The movie was originally written for Barbra Streisand (Midler's role) and Goldie Hawn (Tomlin's role). The plot playfully combines three recognizable stories: Aesop's The Town Mouse and the Country Mouse, Mark Twain's The Prince and the Pauper, and Shakespeare's The Comedy of Errors.

The production company could not get permission to film at the Plaza Hotel in New York City, so it had the hotel replicated on a Walt Disney Studios sound stage. To recoup construction costs, Disney built a sitcom titled The Nutt House around it. Jim Abrahams said he staged one of the boardroom scenes based on an experience he had when a large agency used many employees to get him to sign with them.

==Reception==
Critical reaction to the film as a whole was generally lukewarm. Rotten Tomatoes reports that 52% of critics gave the film a positive rating, based on 23 reviews, with an average score of 5/10. Sheila Benson from the Los Angeles Times called Big Business a "bright whirligig of a movie" and added: "As you watch its buoyant hilarity, the intricacies flow smoothly as honey off a spoon [...] Like a sensational party the night before, Big Business may not bear the closest scrutiny in the cold light of day, but it gives an irresistible glow at the time. And when it gets on a roll, it's a movie with more wit to its lines and a more pungent array of them than much of the mishmash that has passed as Bette Midler's Greatest Movie Hits." Philadelphia Daily News writer Ben Yagoda felt that the film was "big fun. Lily Tomlin and Bette Midler are a double dose of hilarity. Call out the National Guard — Big Business is a laugh riot".

In his review for The New York Times, Vincent Canby remarked that Big Business, "though it never quite delivers the boffo payoff, is a most cheerful, very breezy summer farce, played to the hilt by two splendidly comic performers...Sometimes [the film's writers] do have trouble in characterizing the two sets of twins, allowing them to blend in such a way that the comic edge finally becomes blurred. Yet the film moves at such a clip, and with such uncommon zest, that it's good fun even when the invention wears thin." Roger Ebert, writing for the Chicago Sun-Times, gave the film two out of four stars. He declared the film "an endless and dreary series of scenes in which the various twins just barely miss running into each other in the Plaza Hotel," and found that it felt "unfinished" and missed a payoff. Variety called the film "a shrill, unattractive comedy." The staff felt that Midler's "loud brashness generally dominated [Tomlin's] sly skittishness".
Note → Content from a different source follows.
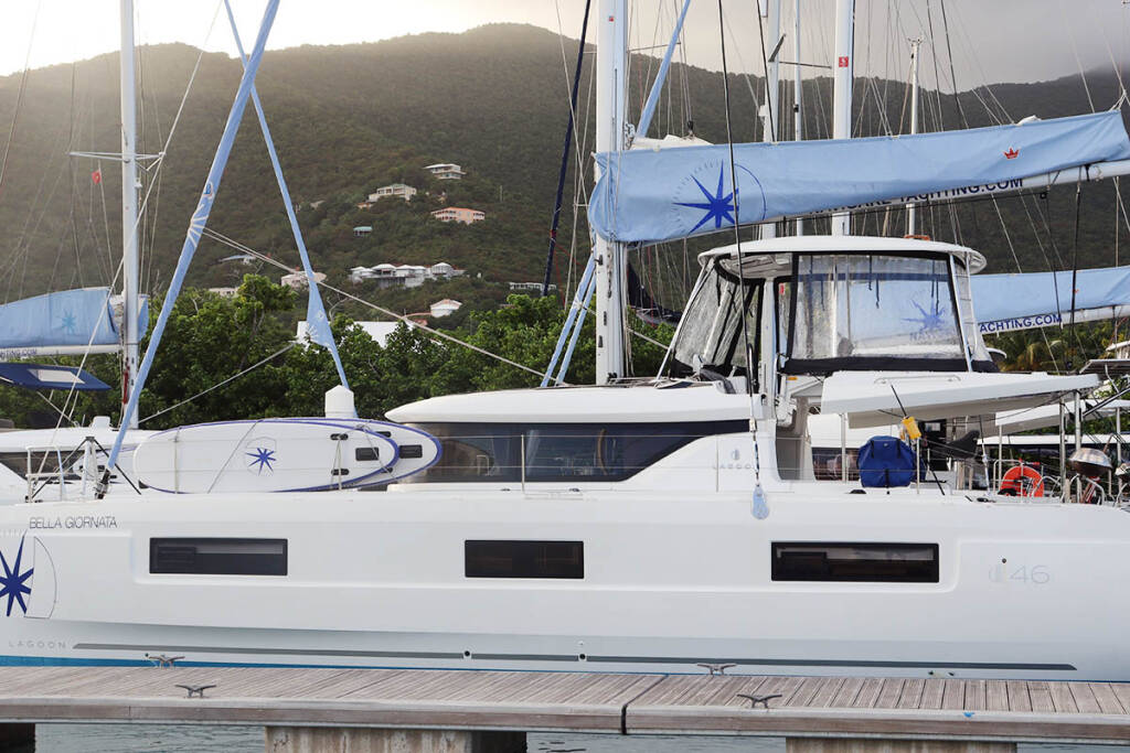 Catamaran Lagoon 46 OW Bella Giornata, built in 2023 is anchored in the Marsh Harbour, Conch Inn Marina, Abaco Islands, Bahamas. It has 3 cabins, can accommodate 6 + 2 people and has 3 toilets. Bed linen and kitchen equipment are included in the price.

John Simon of the National Review called Big Business a "dreadful film".

==Box office==
In the United States, Big Business debuted within the top three on the box-office chart and became a modest success, eventually grossing $40.2 million during its domestic run.

==Home media==
The film was released to VHS, Betamax, and Laserdisc in 1989 by Touchstone Home Video, with a DVD release in 2002. In 2011, Big Business was among a selection of titles from Touchstone and Hollywood Pictures to be licensed to Mill Creek Entertainment on behalf of Disney, and a DVD and Blu-ray disc were released of the film. The DVD is available on its own, as a double-feature with Straight Talk, and as a triple-feature with Straight Talk and V.I. Warshawski.

In December 2017, Big Business and Scenes from a Mall were re-released on DVD and Blu-ray by Kino Lorber under license from Walt Disney Studios Home Entertainment.

In 2026 Big Business became available to stream on Disney in Australia. As of September 2026 it is still available to stream on Disney in Australia.